Ben-Achour: Now, Google, one of Google’s attorneys, was saying that regulators are misunderstanding the market, that we shouldn’t be comparing Google to Bing and Yahoo. We should be comparing Google to Amazon, and almost the entirety of the internet, because, you know, you can buy things or look for things not just using Google. How compelling do you think that argument will be?
Slaiman: Well, you have to say something like that if you have 92% of the search market. All that’s left is to argue that, “That’s not the right market.” So I can see why they’re arguing that. And, you know, that’s a tough question that many antitrust cases really hinge on is defining the market. Certainly, there’s an extent to which, for some users and for some queries, there are multiple options. A lot of shopping queries do begin on Amazon and not on Google. But the search engine, the general search engine, where you can type in any kind of question and expect to get an answer, really is a different kind of product than a specialized search engine, where you go for restaurant reviews or shopping or handmade products. You know, these are all different types of search engines in a way. But that general search, where you can expect an answer for any type of question, really is unique.
Ben-Achour: In traditional antitrust cases, there’s usually a requirement to show some harm to the consumer. Is that demonstrable in this case?

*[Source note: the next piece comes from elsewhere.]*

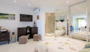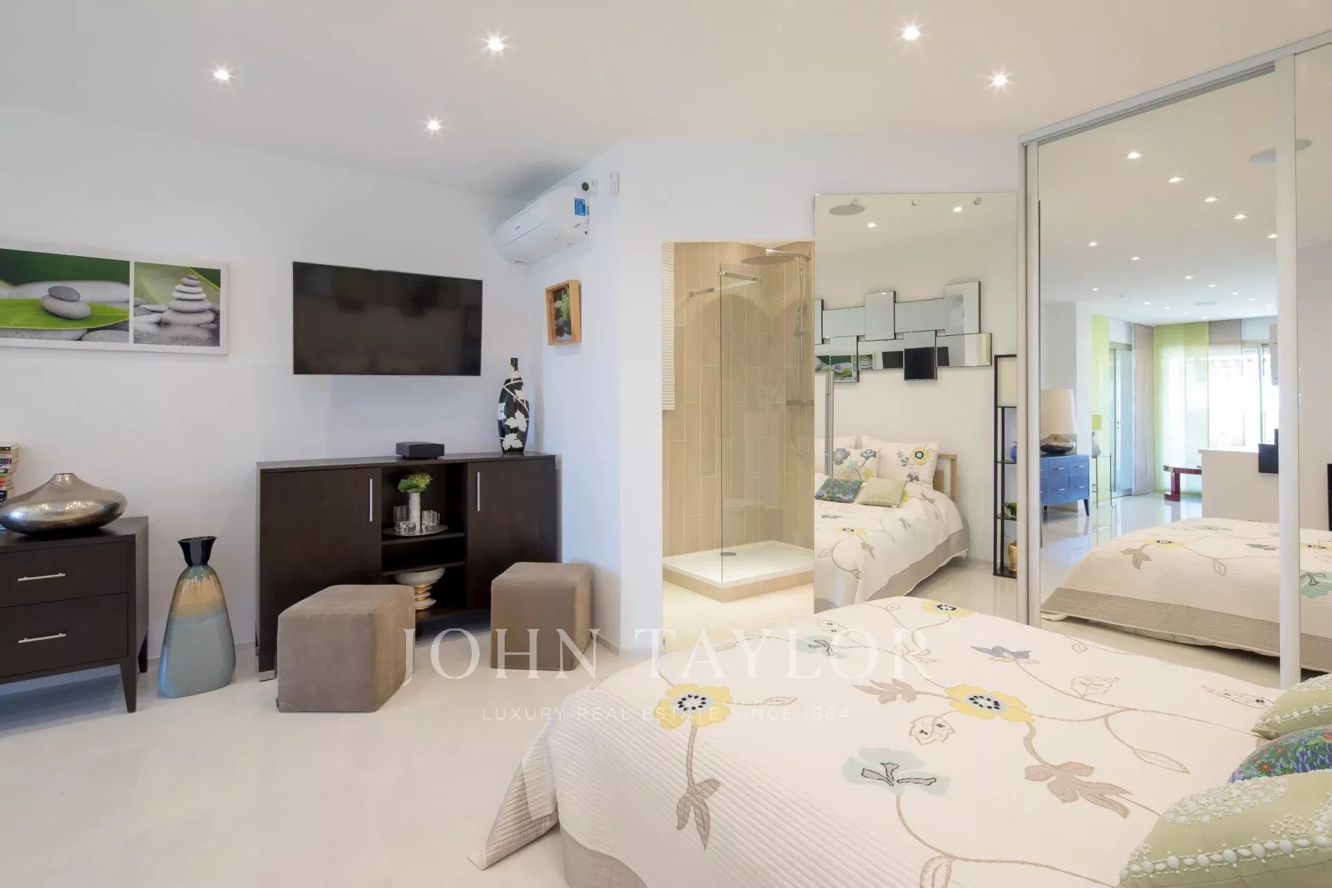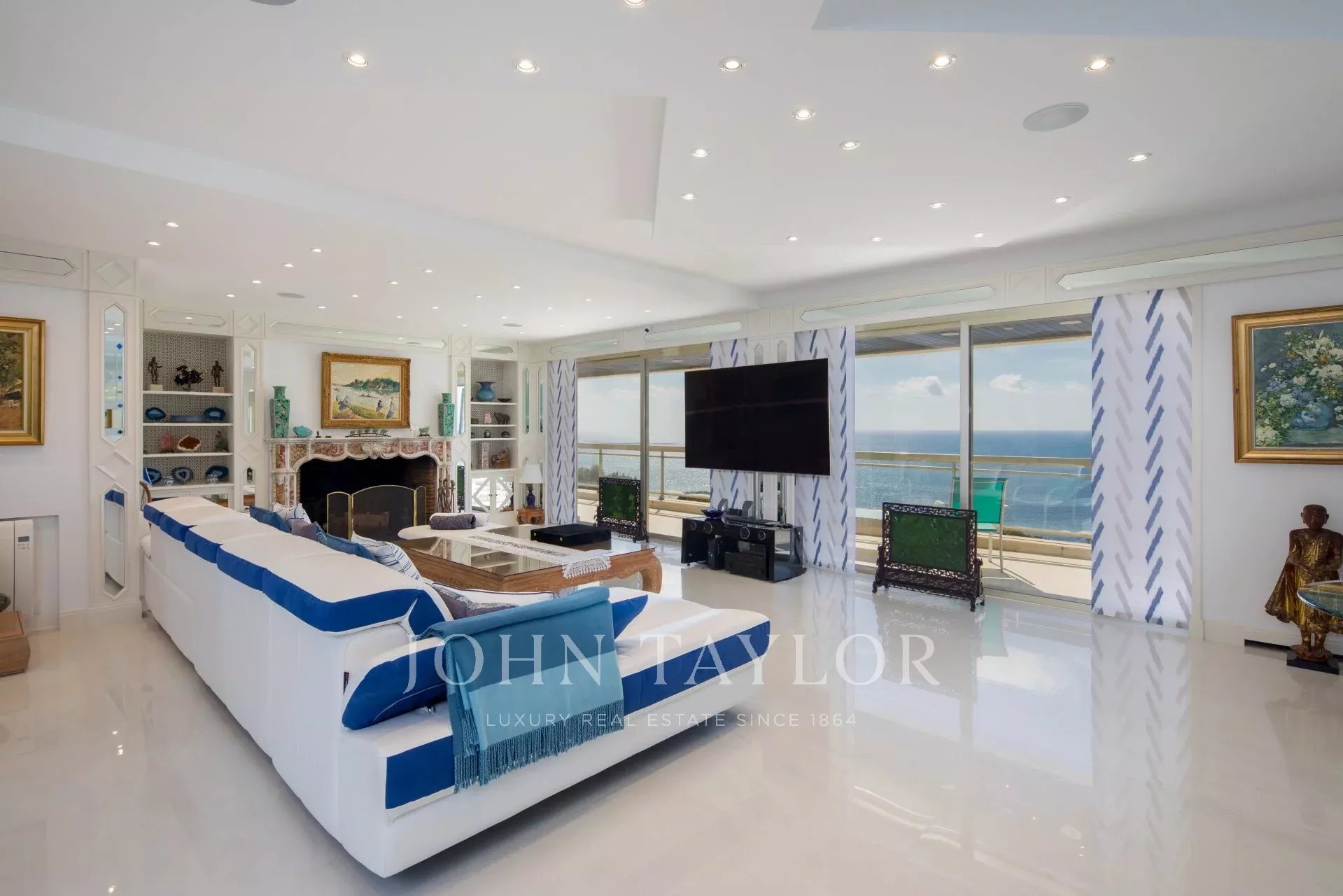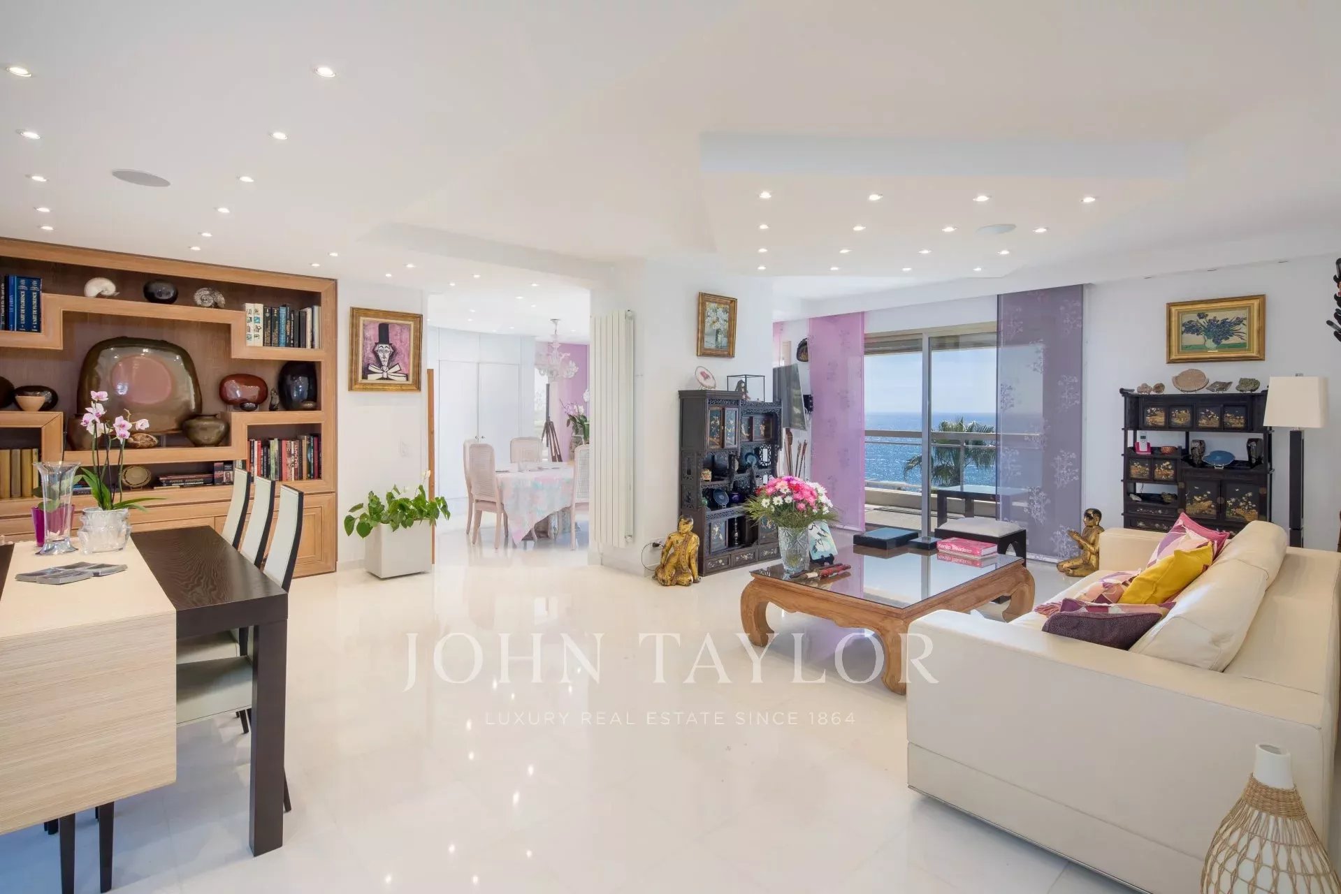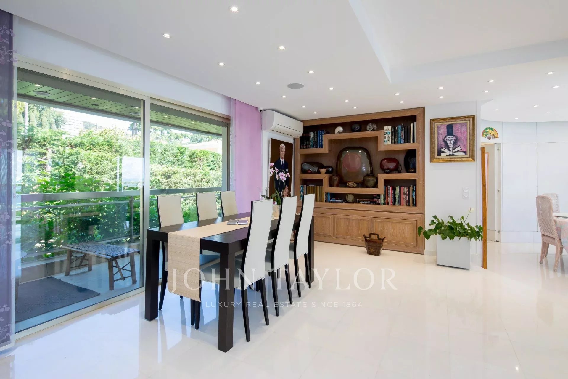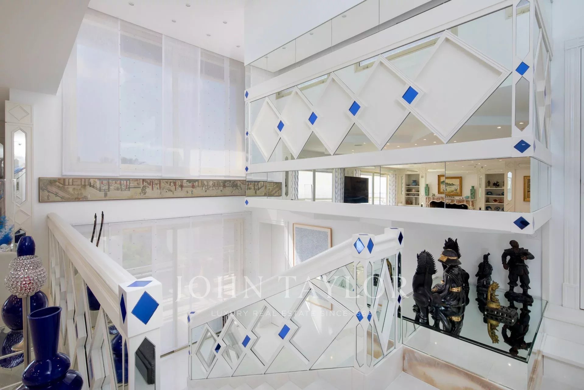 Hall de entrada que conduce a un salón comedor doble con salida a una terraza con vistas a la bahía de Cannes y a las islas de Lérins.

Slaiman: Yeah, that’s a great question. So for most antitrust cases, especially today, we’re in this “rule of reason,” which is a category of antitrust law where the case really does hinge on being able to show a harm to consumers. So one of the hardest types of harm to show is a harm to innovation. But I also think that’s one of the most important harms that we really need to be paying close attention to and investing a lot of our antitrust energy into protecting innovation. But it is hard to show, quantifiably, what types of innovations we are missing out on today because we didn’t have strong competition in general search all this time. You know, showing some ways in which the quality of Google Search has gone down as competitors have, you know, had less of an impact in the market. One thing that we see that’s quantifiable is more ads on the page, seeing less clear indications that a result is an ad so that it’s easier for users to be confused and click on an advertisement thinking that it’s actually what Google has determined is the most relevant using their algorithm. But I also think that we are seeing the quality of the organic results go down. That is so hard to quantify — what types of innovations might have happened. Some innovations that we see in some specialized search is companies that actually go in and do a quality assessment of a result before they surface it to users. That requires a lot more staff. It’s a very different business model. But that can be really effective for some types of things a person might search for. So there’s all kinds of things that we could be missing out on, but I think that can be a difficult part of the case to show that.